> _What the task requires_:
Copy exactly the lines of the data below, beginning with the line with "Calentador de sauna" and ending with the line with "Our Baja X-Coarse". Pictures are to be omitted.

====== Input data

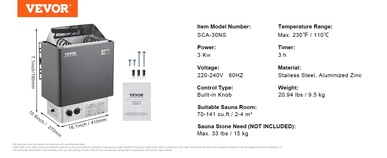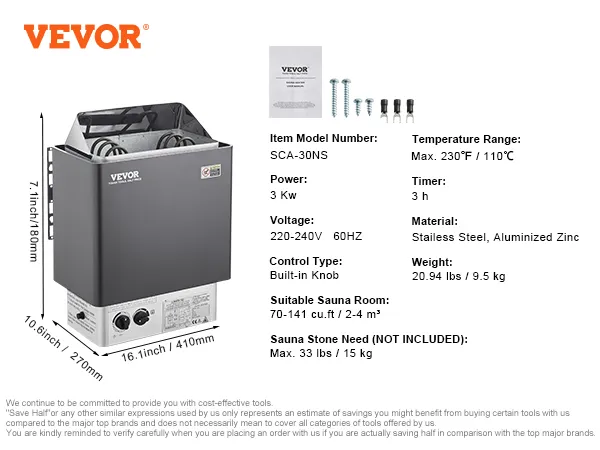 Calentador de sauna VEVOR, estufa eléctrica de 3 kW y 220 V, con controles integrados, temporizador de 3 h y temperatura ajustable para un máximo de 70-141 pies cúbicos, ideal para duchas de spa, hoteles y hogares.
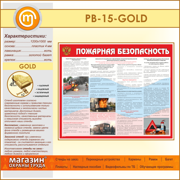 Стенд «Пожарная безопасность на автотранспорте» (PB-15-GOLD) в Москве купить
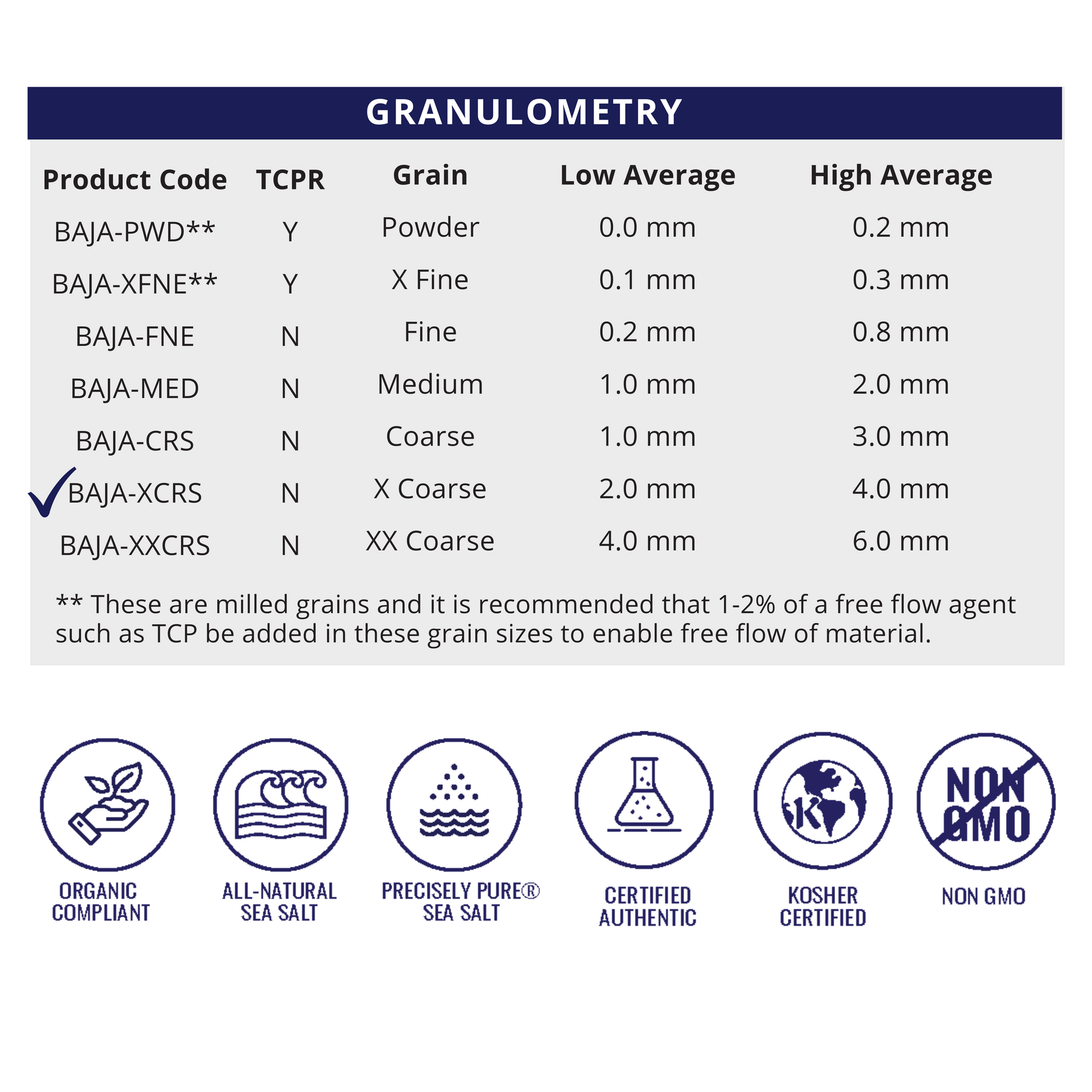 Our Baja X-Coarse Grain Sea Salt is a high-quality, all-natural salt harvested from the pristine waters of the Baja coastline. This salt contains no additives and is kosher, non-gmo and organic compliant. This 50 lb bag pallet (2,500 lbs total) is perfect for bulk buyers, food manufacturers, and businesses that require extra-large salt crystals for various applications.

============
====== Input data

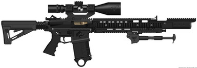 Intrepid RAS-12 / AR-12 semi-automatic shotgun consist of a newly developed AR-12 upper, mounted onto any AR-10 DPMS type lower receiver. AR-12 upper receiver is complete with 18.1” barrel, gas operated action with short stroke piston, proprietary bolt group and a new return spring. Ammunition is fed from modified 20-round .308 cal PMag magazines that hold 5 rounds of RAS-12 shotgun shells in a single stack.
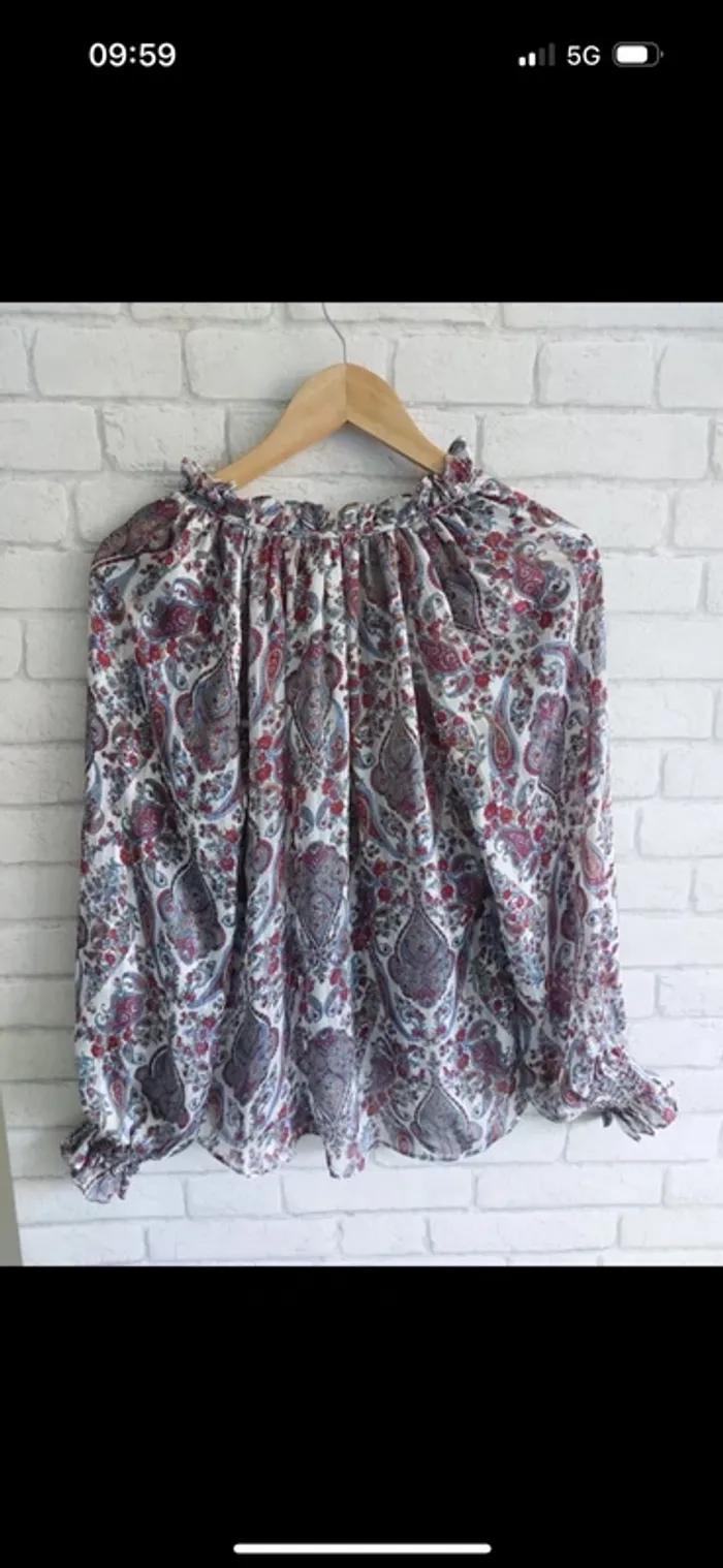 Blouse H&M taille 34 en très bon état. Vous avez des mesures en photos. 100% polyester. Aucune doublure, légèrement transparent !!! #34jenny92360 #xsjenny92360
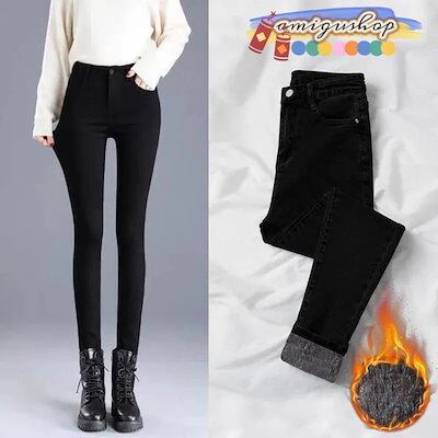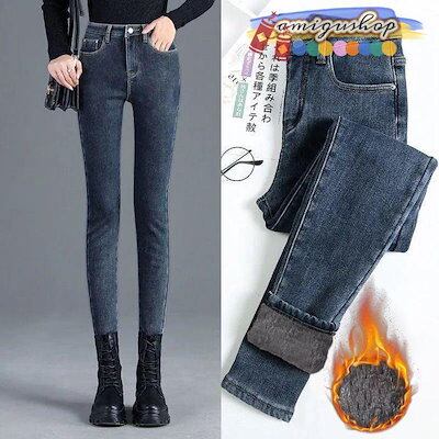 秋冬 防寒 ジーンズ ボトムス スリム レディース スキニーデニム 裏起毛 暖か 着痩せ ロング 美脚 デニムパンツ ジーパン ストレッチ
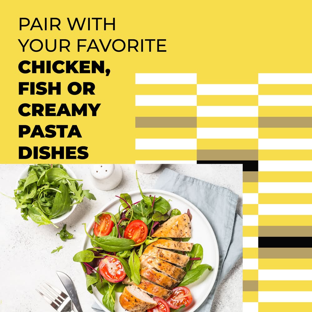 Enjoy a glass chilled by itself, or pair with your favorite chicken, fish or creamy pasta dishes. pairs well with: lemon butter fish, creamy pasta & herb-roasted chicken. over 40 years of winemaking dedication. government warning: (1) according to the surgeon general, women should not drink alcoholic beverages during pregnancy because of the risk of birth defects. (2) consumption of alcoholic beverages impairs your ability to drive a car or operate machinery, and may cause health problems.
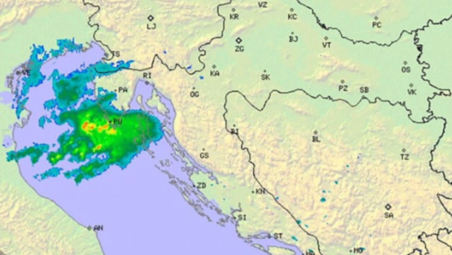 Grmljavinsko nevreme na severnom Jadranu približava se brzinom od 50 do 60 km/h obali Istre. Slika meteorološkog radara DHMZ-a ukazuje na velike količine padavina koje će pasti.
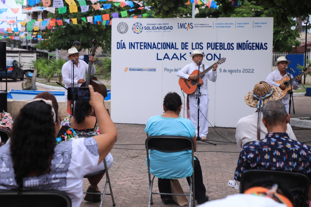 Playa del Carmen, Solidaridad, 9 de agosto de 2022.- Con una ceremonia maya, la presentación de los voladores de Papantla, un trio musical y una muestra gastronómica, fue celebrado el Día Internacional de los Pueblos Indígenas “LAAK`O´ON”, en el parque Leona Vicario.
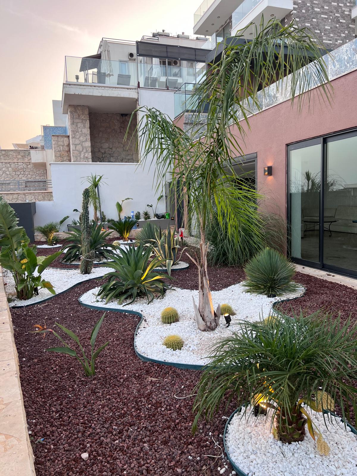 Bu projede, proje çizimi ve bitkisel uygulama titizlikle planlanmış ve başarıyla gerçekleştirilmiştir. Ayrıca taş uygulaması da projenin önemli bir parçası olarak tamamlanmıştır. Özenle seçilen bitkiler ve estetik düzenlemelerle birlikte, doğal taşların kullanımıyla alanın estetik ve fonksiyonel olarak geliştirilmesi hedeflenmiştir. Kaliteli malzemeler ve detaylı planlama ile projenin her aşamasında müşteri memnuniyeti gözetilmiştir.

============

> _Task response_:
 Calentador de sauna VEVOR, estufa eléctrica de 3 kW y 220 V, con controles integrados, temporizador de 3 h y temperatura ajustable para un máximo de 70-141 pies cúbicos, ideal para duchas de spa, hoteles y hogares.
 Стенд «Пожарная безопасность на автотранспорте» (PB-15-GOLD) в Москве купить
 Our Baja X-Coarse Grain Sea Salt is a high-quality, all-natural salt harvested from the pristine waters of the Baja coastline. This salt contains no additives and is kosher, non-gmo and organic compliant. This 50 lb bag pallet (2,500 lbs total) is perfect for bulk buyers, food manufacturers, and businesses that require extra-large salt crystals for various applications.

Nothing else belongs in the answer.